My point is that there’s plenty of room for common ground here if the issue is approached in good faith. I’m sure there are many Republicans who would like to use ID to reduce turnout, but I bet that if Democrats offered to support an ID requirement that was phased in and made it free for all, there wouldn’t be a problem.
But then again, Rhode Island isn’t known for machine politics. Even if voter fraud isn’t the huge issue it once was, the idea of having clean elections is anathema to the descendants of Tammany Hall and Daley types.
Ah! So, faced with the rampant corruption of Democrat machine politics and the resulting crisis of voter fraud, the Republicans had no choice? Is that what you would like to imply but haven’t the nerve to actually say?
It’s a common sense measure to insure the integrity of elections, akin to making sure voting machines can’t be tampered with. Democrats are terrified of voting machine tampering even though like in person voter fraud, it’s a non-existent problem. But it’s still something that should be safeguarded.
Jimmy Carter and Jim Baker got together a commission not too long ago which recommended common sense, bipartisan voting reform. It included a voter ID requirement. The reforms should be adopted.
Arguing with you is increasingly akin to a game of Dodgeball.

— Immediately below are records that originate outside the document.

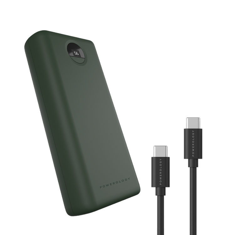 Powerology Quick Charge Power Bank 30000mAh PD 45W with Type-C to Type-C Cable 0.9m, Super Compact, USB-C Input & Output, 2 USB-A Output, Fast Charging, Digital Display Indicator - Green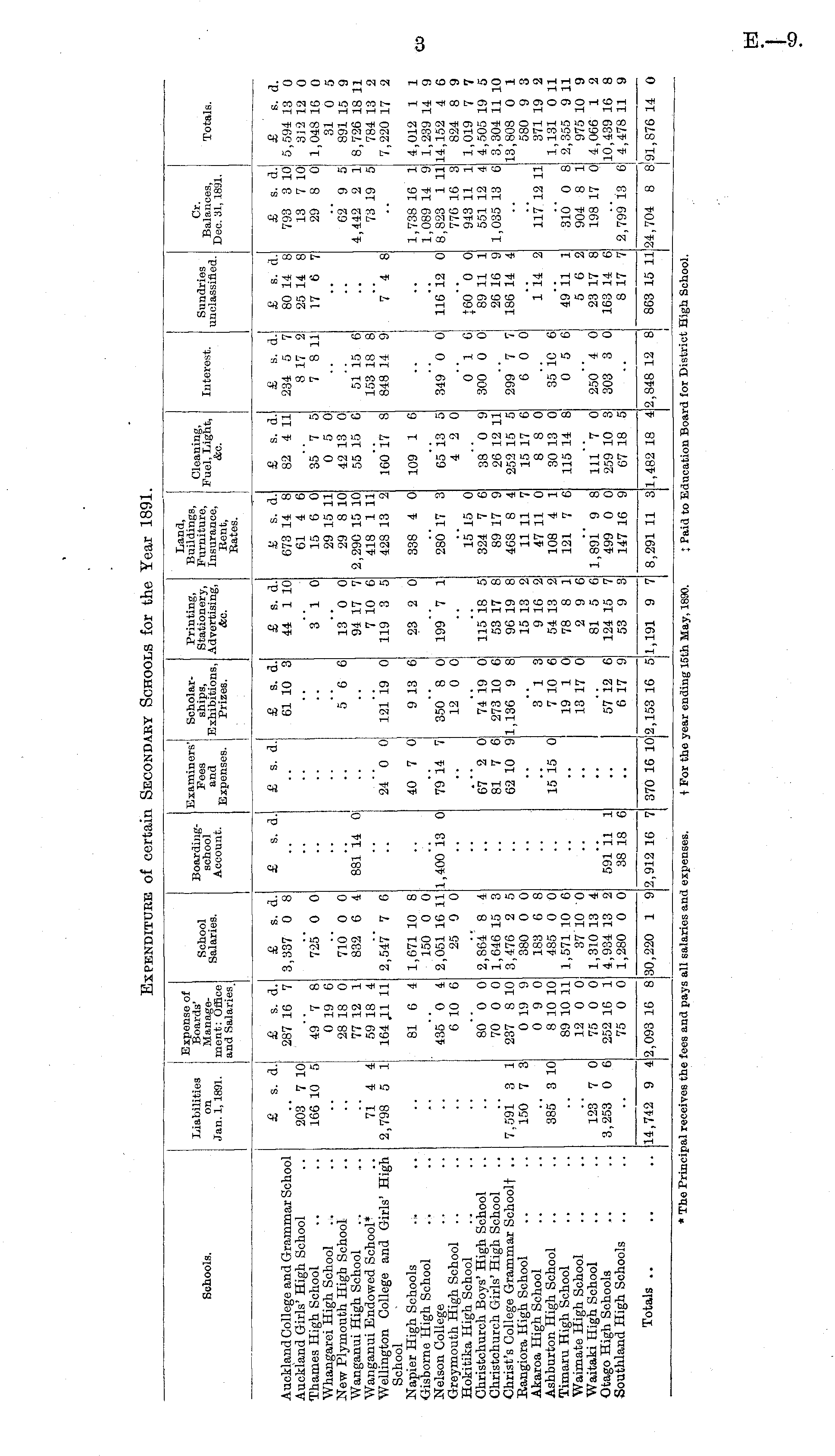 i Land, Buildings, Furniture, Insurance, Rent, Rates. Schools. Liabilities on Jan. 1,1891. Expense of Boards' Management: Office and Salaries. School Salaries. Boardingschool Account. Examiners' Fees and Expenses. Scholarships, Exhibitions, Prizes. Printing, Stationery, Advertising, &c. Cleaning, Fuel, Light, &e. Interest. Sundries unclassified. Cr. Balances, Dec. 31, 1891. Totals. Auckland College and Grammar School Auckland Girls' High School Thames High School Whangarei High School New Plymouth High School Wanganui High School Wanganui Endowed School* Wellington College and Girls' High School Napier High Schools .;. Gisborne High School Nelson College Greymouth High School Hokitika High School Christchurch Boys' High School Christchurch Girls' High School Christ's College Grammar Schoolf .. Bangiora High School Akaroa High School Ashburton High School Timaru High School Waimate High School Waitaki High School .. Otago High Schools Southland High Schools £ S. d.' 203* 7 10 166 10 5 £ s. d. 287 16 7 49 7 8 0 19 6 28 18 0 77 12 1 59 18 4 164 11 11 £ s. d. 3,337 0 8 725 0 0 710' 0 0 832 6 4 £ s. d. .. £ s. d. £ s. d. 61 10 3 5 "6 6 £ s. d. 44 1 10 3 "l 0 13 0 0 94 17 7 7 10 6 119 3 5 £ s. d. 673 14 8 61 4 6 15 6 0 29 15 11 29 8 10 2,290 15 10 418 1 11 428 13 2 £ s. d. 82 4 11 35 7 5 0 5 0 42 13 0 55 15 6 £ s. d. 234 5 7 8 17 2 7 8 11 £ s. d. 80 14 8 25 14 8 17 6 7 £ s. d. 793 3 10 13 7 10 29 8 0 G2 9 5 4,442 2 1 73 19 5 £ s. d. 5,594 13 0 312 12 0 1,048 16 0 31 0 5 891 15 9 8,726 18 11 784 13 2 7,220 17 2 881 14 Oi 51 15 6 153 18 8 848 14 9 7l' 4 4 2,798 5 1 2,547' 7 6 24 0 0 121 19 0 160 17 8 7 4 8 81 6 4 1,671 10 8 150 0 0 2,051 16 11 25 0 0 40 7 0 9 13 6 23 2 0 338 4 0 109 1 6 1,738 16 1 1,089 14 9 8,823 1 11 776 16 3 943 11 1 551 12 4 1,035 13 6 4,012 1 1 1,239 14 9 14,152 4 6 824 8 9 1,019 7 7 4,505 19 5 3,304 11 10 13,808 0 1 580 9 3 371 19 2 1,131 0 11 2,355 9 11 975 10 9 4,066 1 2 10,439 16 8 4,478 11 9 435 0 4 6 10 6 1,40013 0 79' 14 7 350 8 0 12 0 0 199 "7 1 280 17 3 65 13 5 4 2 0 349 0 0 11612 0 •• •■ 7,59l' 3 1 150 7 3 80 0 0 70 0 0 237 8 10 0 19 9 0 9 0 8 10 10 89 10 11 12 0 0 75 0 0 252 16 1 75 0 0 2,864 8 4 1,646 15 3 3,476 2 5 380 0 0 183 6 8 485 0 0 1,571 10 6 37 10 0 1,310 13 4 4,934 13 2 1,280 0 0 67 2 0 81 7 6 62 10 9 74 19 0 273 10 6 1,136 9 8 115 18 5 53 17 8 96 19 8 15 13 2 9 16 2 54 13 2 78 8 1 2 9 6 81 5 6 124 15 7 53 9 3 15 15 0 324 7 6 89 17 9 468 8 4 11 11 7 47 11 0 108 4 1 121 7 6 38 0 9 26 12 11 252 1-5 5 15 17 6 8 8 0 30 13 0 115 14 8 0 1 6 300 0 0 299 7 7 6 0 0 +60 0 0 89 11 1 26 16 9 186 14 4 385' 3 10 3 13 7 10 6 19 1 0 13 17 0 1 14 2 11712 11 1515 0 35 10 6 0 5 6 49 11 1 5 6 2 23 17 8 163 14 6 8 17 7 310 0 8 904 8 1 198 17 0 1 123' 7 0 3,253 0 6 59l'il 1 38 18 6 1 57 12 6 6 17 9 1,891 9 8 499 0 0 147 16 9 111 7 0 259 10 3 67 18 5 250 4 0 303 3 0 2,799 13 6 Totals .. 2,912 16 7 370 16 10 2,153 16 5 1,191 9 7 14,742 9 4! 2,093 16 8 30,220 1 9 8,291 11 3 1,482 18 4 2,848 12 8 863 15 11 24,704 8 8^ 91,876 14 * The Principal receives the fees and pays all salaries and expenses. t For the year ending 15th May, 1890. : Paid to Education Board for District High School.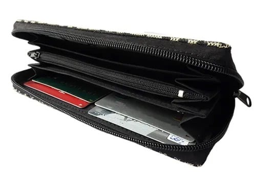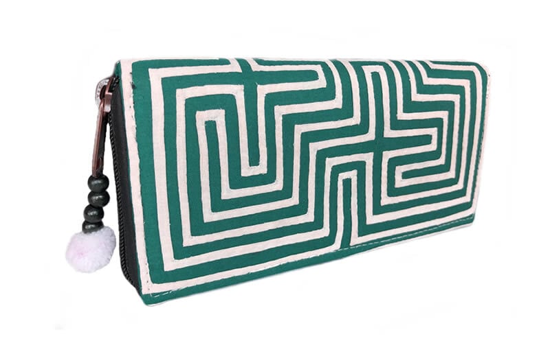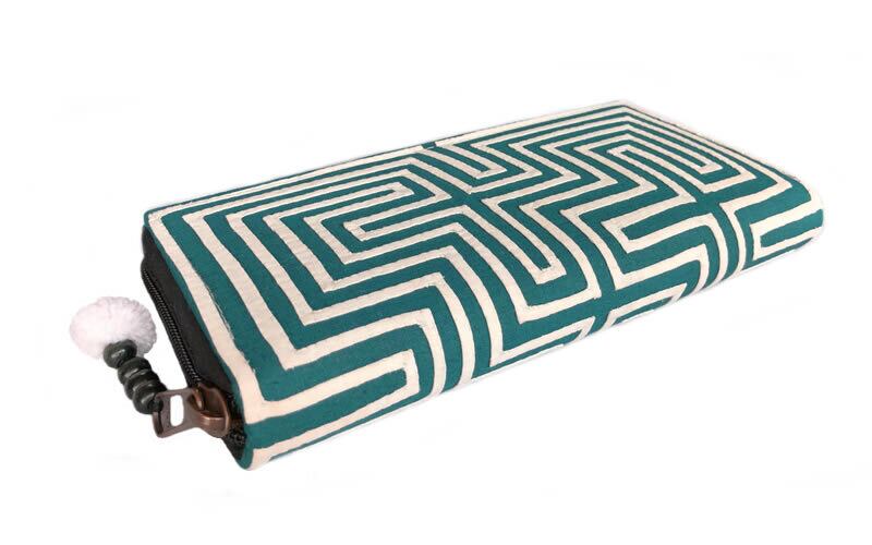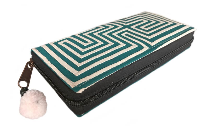 NAMB2 モン族アップリケのファスナー付き収納長財布(HWBGr/迷路柄)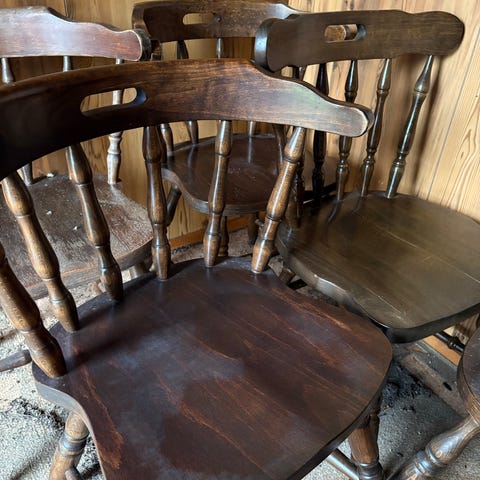 Der er 4 stole, pris pr. stk. 1000kr. Kan uden videre bruges som de er.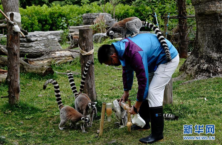 4月18日,上海动物园饲养员张益顺在特制的环尾狐猴饲喂器里投放食物。 上海动物园根据各类动物的生物学特性和原栖息地特点,采取模仿环境设计、改善投喂方式、增加取食难度、提供新颖玩具等“丰容”方式,丰富动物们的日常生活内容,促进它们展示更多自然行为。 新华社记者 张建松 摄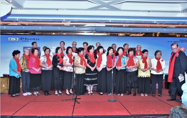 娱乐节目登场,首先是南加南友会,歌咏队的大合唱,“歌唱祖国”由黎天宝、张少应、朱徐佳、林碧华领唱嘹亮的歌声唱出我们对伟大祖国和家乡的热爱,歌声振奋人心,连坐在贵宾座的中国领事深受感动,情不自禁开口和唱起来。 “我的中国心”一石激起千重浪,歌声悠扬激情澎湃,唱出了我们海外华人,无论走到世界那个角落,心向祖国,我们中华民族海外儿女的心声永不改变。北加南友的“红河谷”和“永远是朋友”也非常精彩,扣人心弦。以林碧华、丘丽琴、雷倩美、谭美意、林慧吟,我会舞蹈组的“月亮船”,她们舞技精湛,动作柔美轻盈。雷倩美老师舞蹈功底深厚,她演出的“江南雨”和舞蹈功底深厚的陈幼群演出的“青花梦”充分演绎出江南美少女的体态轻盈,心灵手巧,婀娜多姿。南友会健身班的林碧华、谭美意、伍全礼、古月云、林慧吟、谭秉辉表演的莲花太极扇,在雷倩美老师的严格、细心指导下真是严师出高徒,他(她)的动作整齐划一,打出了高水平。还有北加南友会歌唱好手,缅裔会的歌伴舞,个个都演出了高水平,赢得此起彼落,连绵不绝的掌声和欢呼声,晚会在歌声、欢声笑语中渐渐落下帷幕。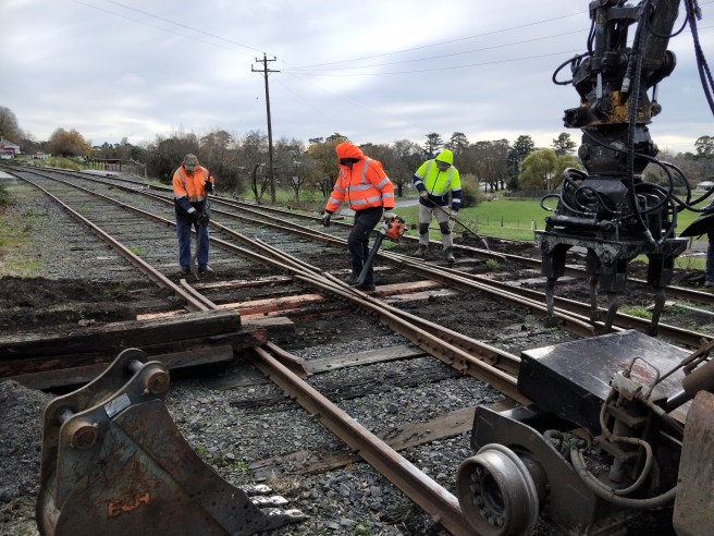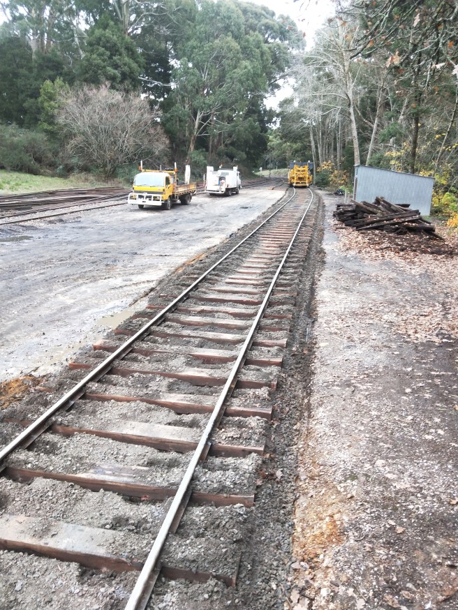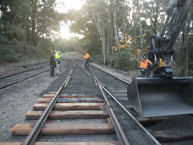 The main reason for our visit however, was to help them out with distributing ballast along their newly built track in Bullarto yard and tamping up the nice new turnout.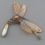 Hoornen libellehanger, waaraan een pegelvormige pampel, art nouveau, ook als broche te dragen, gesigneerd: GIP voor George Pierre, Frankrijk, circa 1900, circa 12 × 12 cm -verf pampel laat los-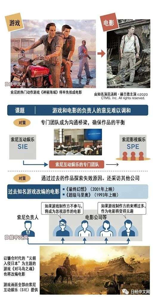 索尼集团将挑战游戏作品的影视化。拍摄热门游戏《神秘海域》(Uncharted)等10款作品的电影或电视剧。尽管游戏改编的电影很少走红,在影视行业里甚至被称为“诅咒”,但索尼的游戏和影视团队将在同一个工作室常驻并携手挑战这一业务。为了对抗美国奈飞(Netflix)等大型视频网站,索尼将以游戏为王牌,作为内容企业不断增长。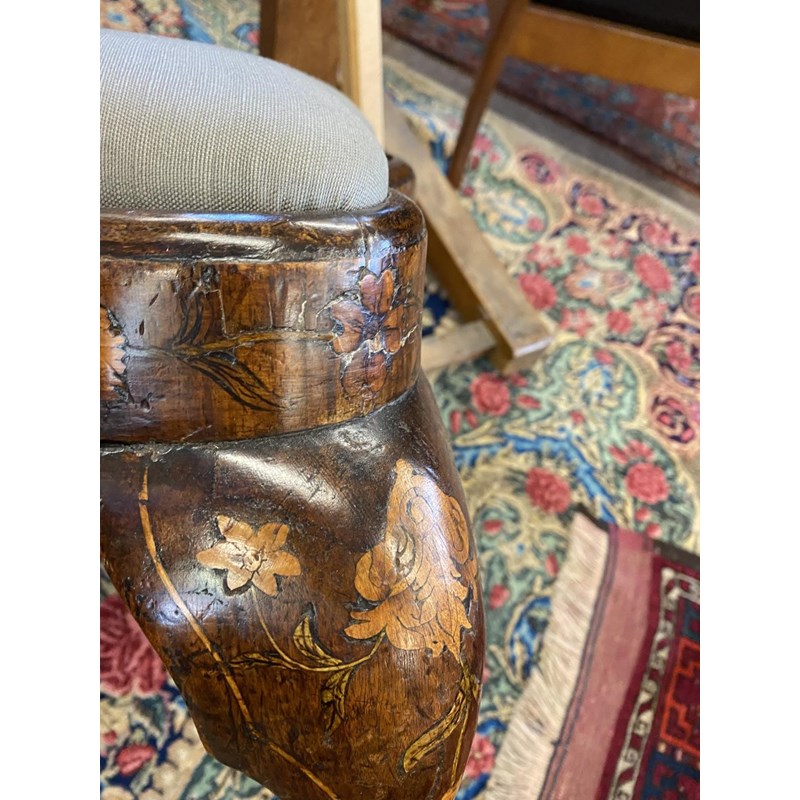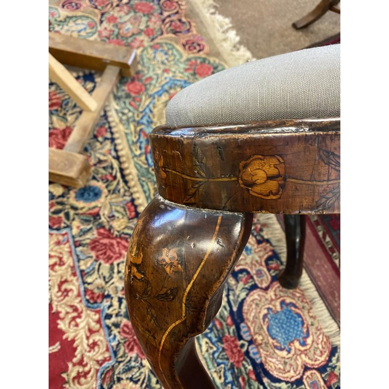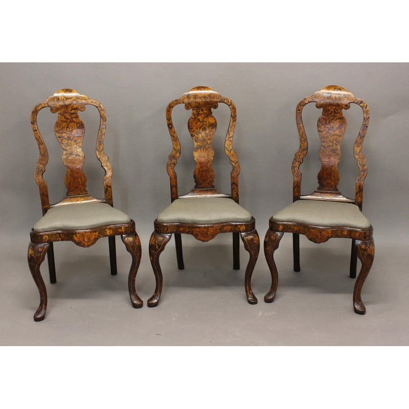 A SET OF FOUR DUTCH MARQUETRY DINING CHAIRS. With tall 'Queen Anne' style backs with allover floral and bird marquetry in a vase, with drop in seats on curved seat rails with conforming marquetry and cabriole front legs with pointed pad feet, 106cm high.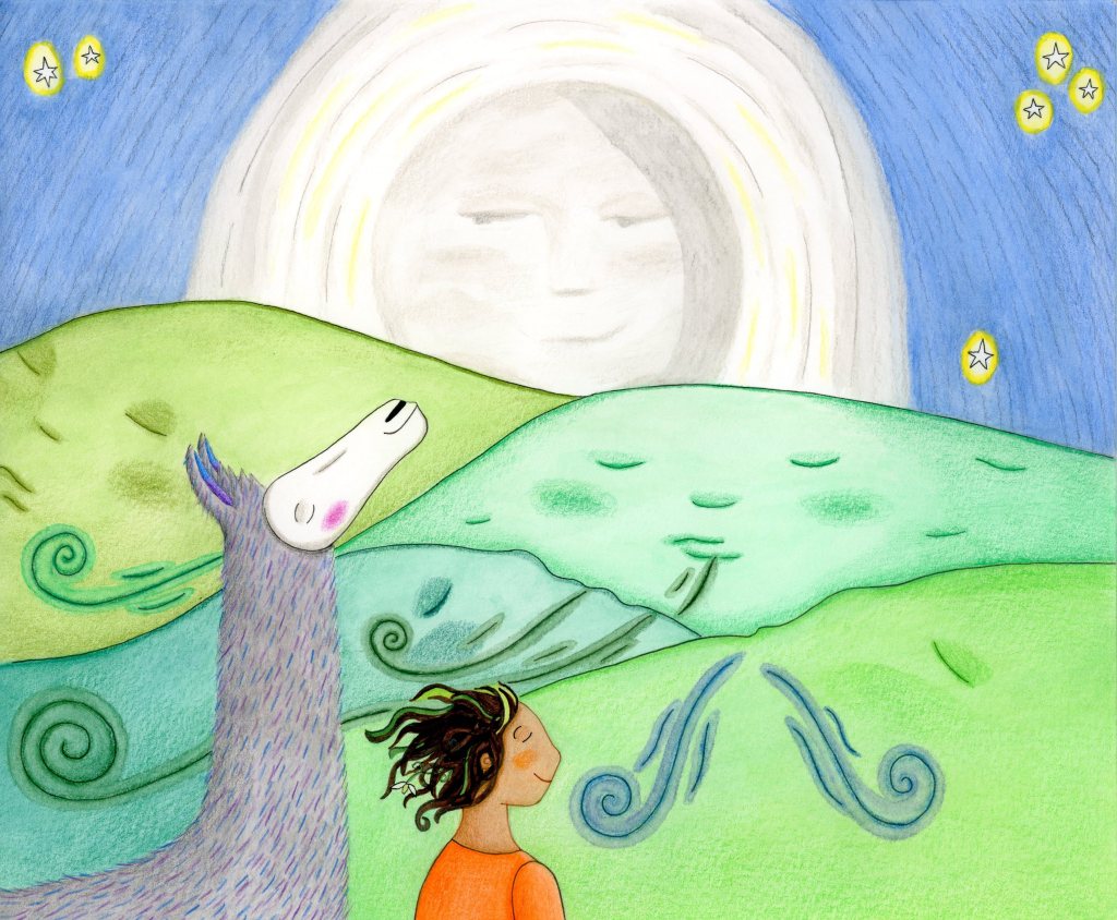 Llama, Girl, and the Sunriseflower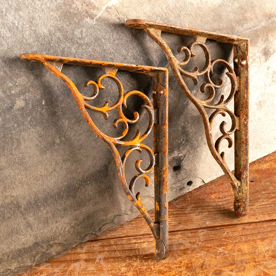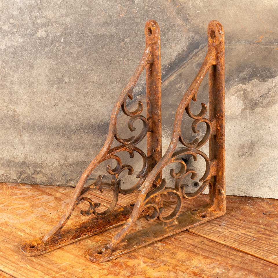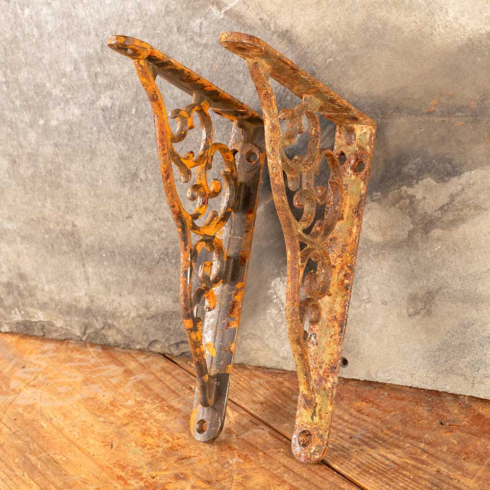 Pair of architectural salvage antique ornate cast iron shelf brackets each measuring approx. 7/8" wide (widest point) x 7 1/4" tall x 5 5/8" front to back. Color and condition may vary, see photos to evaluate. Priced at $75/pair.
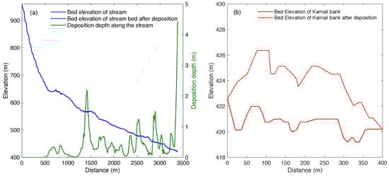 Deposition profile (a) in the Dogade stream, and (b) along the Karnali riverbank obtained from numerical simulation.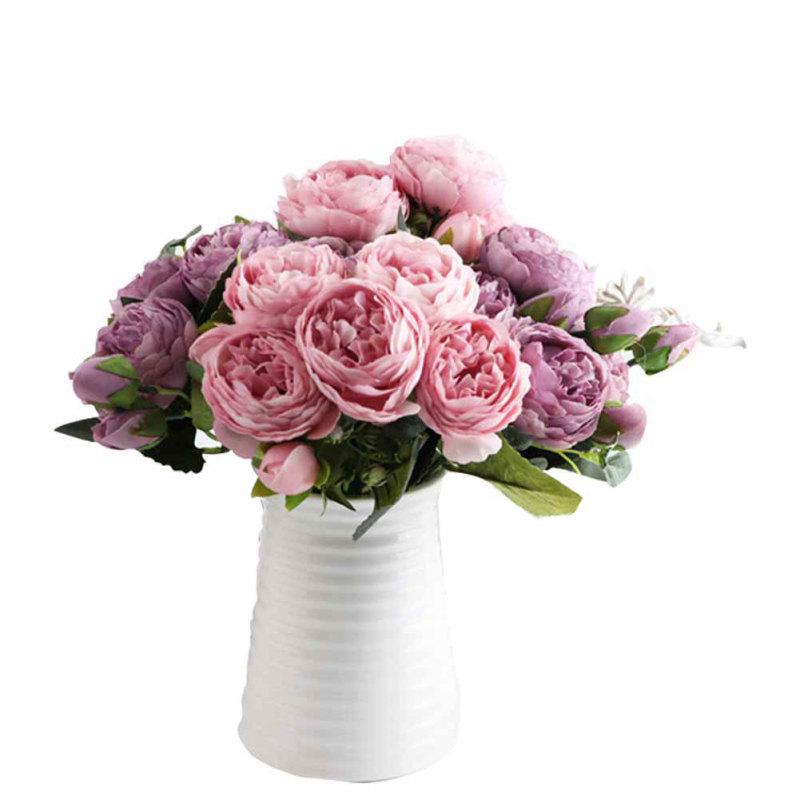 5 Heads Artificial Rose Fake Flower Bouquet for Home Wedding Decoration

You imply things you are not willing to support, asked a direct question, you answer a different question more to your liking.
For instance, you offer us Rhode Island’s sensible and reasonable program to introduce voter ID to its population, as if it proves something. And it does, it proves that it could have been done sensibly and reasonably. It still would remain a cure in a futile search for a disease, but it could have been done.
Which leads directly to the question of why it wasn’t done that way elsewhere. And the sensible answer is that it wasn’t done because the Republicans of those other states did not want a sensible solution, they wanted a solution that offers them an undeserved electoral advantage. And that’s what they did, as well as loading onto that legislation repulsive and brazen restrictions towards that end.
All of which you steadfastly ignore. You blithely pretend the elephant is not in the living room and when he fills the room with a peanut-scented blast of rectal methane, you blame the dog.